=== DATA EXCERPT ===
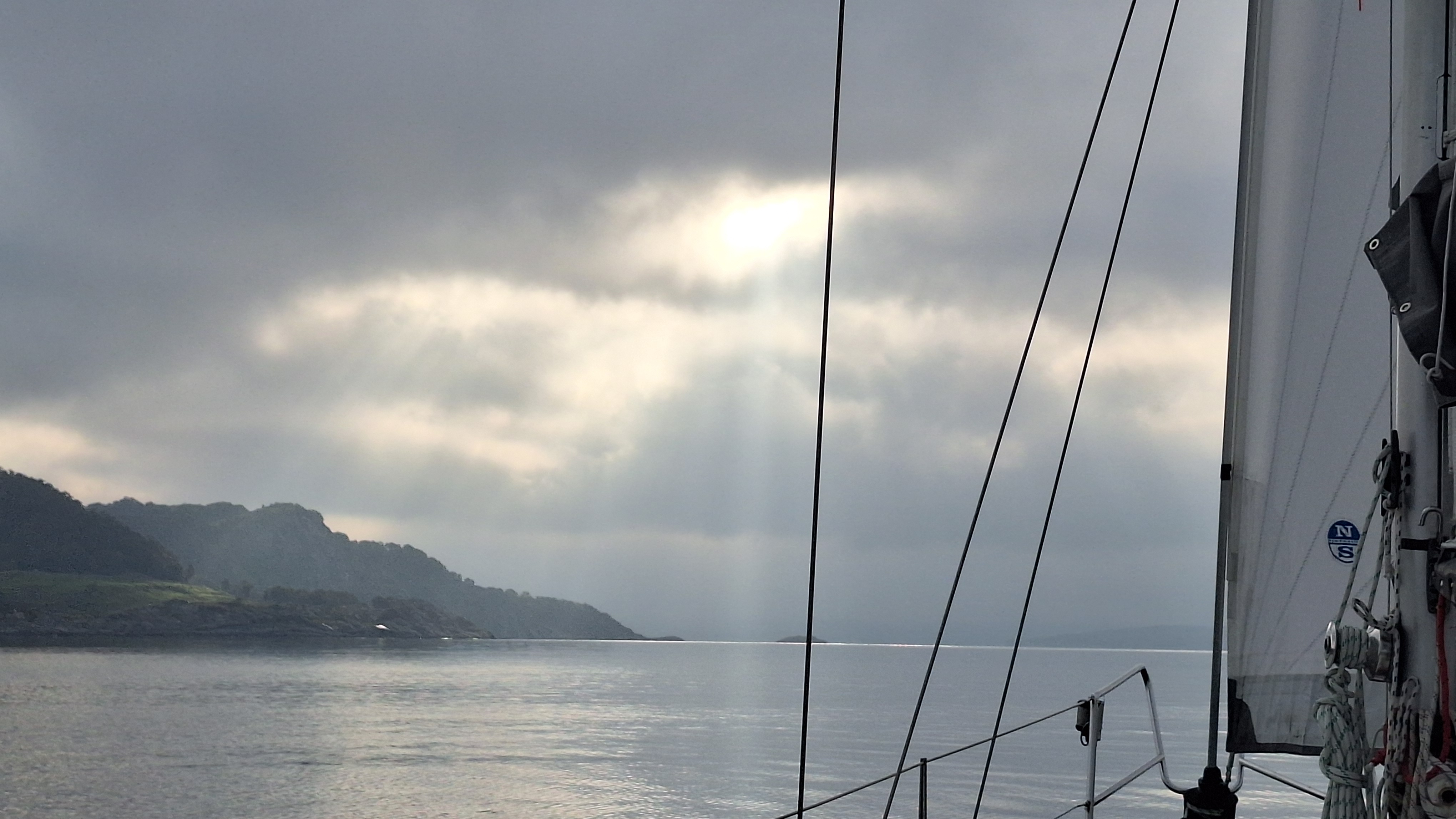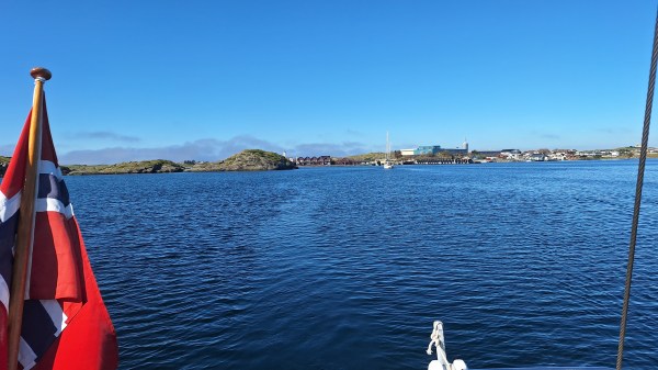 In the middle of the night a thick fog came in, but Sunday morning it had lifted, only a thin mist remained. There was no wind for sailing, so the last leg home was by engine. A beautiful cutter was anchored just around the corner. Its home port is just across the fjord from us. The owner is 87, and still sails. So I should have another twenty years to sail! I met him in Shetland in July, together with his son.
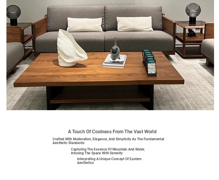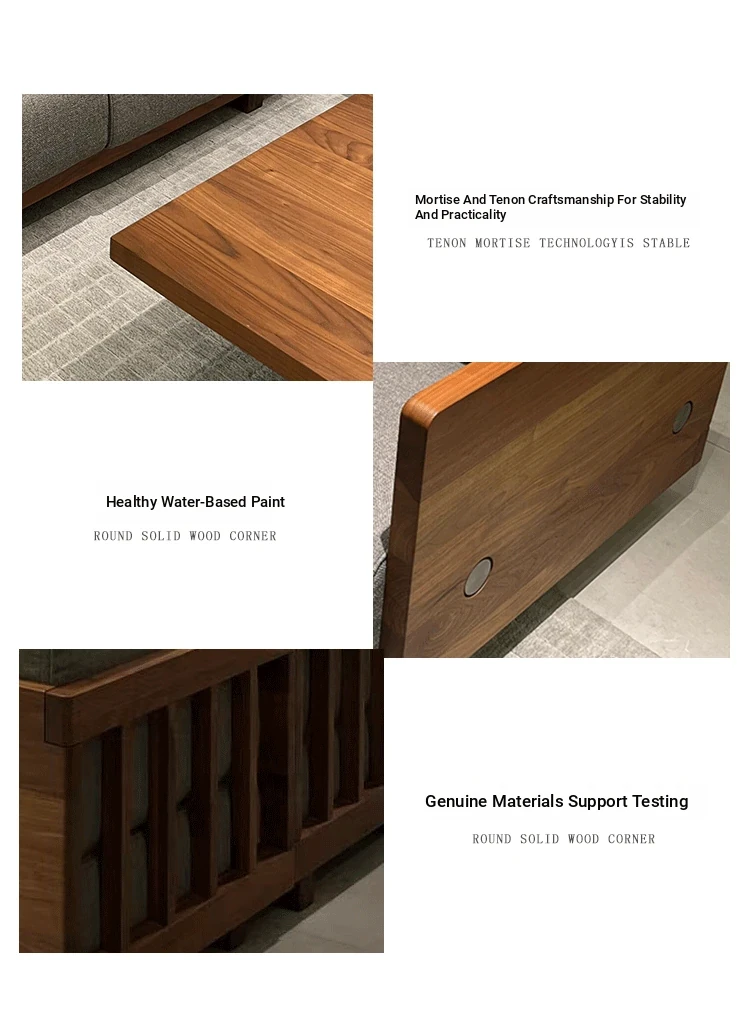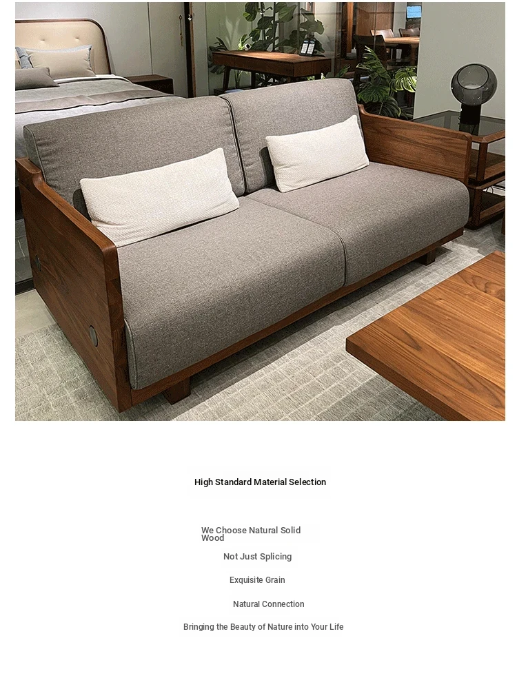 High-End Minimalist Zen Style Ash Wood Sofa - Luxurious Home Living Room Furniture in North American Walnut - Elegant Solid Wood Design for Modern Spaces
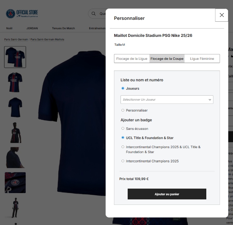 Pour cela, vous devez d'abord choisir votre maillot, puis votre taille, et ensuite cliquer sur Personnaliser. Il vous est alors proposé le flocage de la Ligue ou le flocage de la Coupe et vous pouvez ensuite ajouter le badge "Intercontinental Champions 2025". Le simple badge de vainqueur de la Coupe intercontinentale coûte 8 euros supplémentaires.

=== PROBLEM STATEMENT ===
Please give the material above again in full, with no pictures in your version.

=== RESULT OF THE TASK ===
 In the middle of the night a thick fog came in, but Sunday morning it had lifted, only a thin mist remained. There was no wind for sailing, so the last leg home was by engine. A beautiful cutter was anchored just around the corner. Its home port is just across the fjord from us. The owner is 87, and still sails. So I should have another twenty years to sail! I met him in Shetland in July, together with his son.
 High-End Minimalist Zen Style Ash Wood Sofa - Luxurious Home Living Room Furniture in North American Walnut - Elegant Solid Wood Design for Modern Spaces
 Pour cela, vous devez d'abord choisir votre maillot, puis votre taille, et ensuite cliquer sur Personnaliser. Il vous est alors proposé le flocage de la Ligue ou le flocage de la Coupe et vous pouvez ensuite ajouter le badge "Intercontinental Champions 2025". Le simple badge de vainqueur de la Coupe intercontinentale coûte 8 euros supplémentaires.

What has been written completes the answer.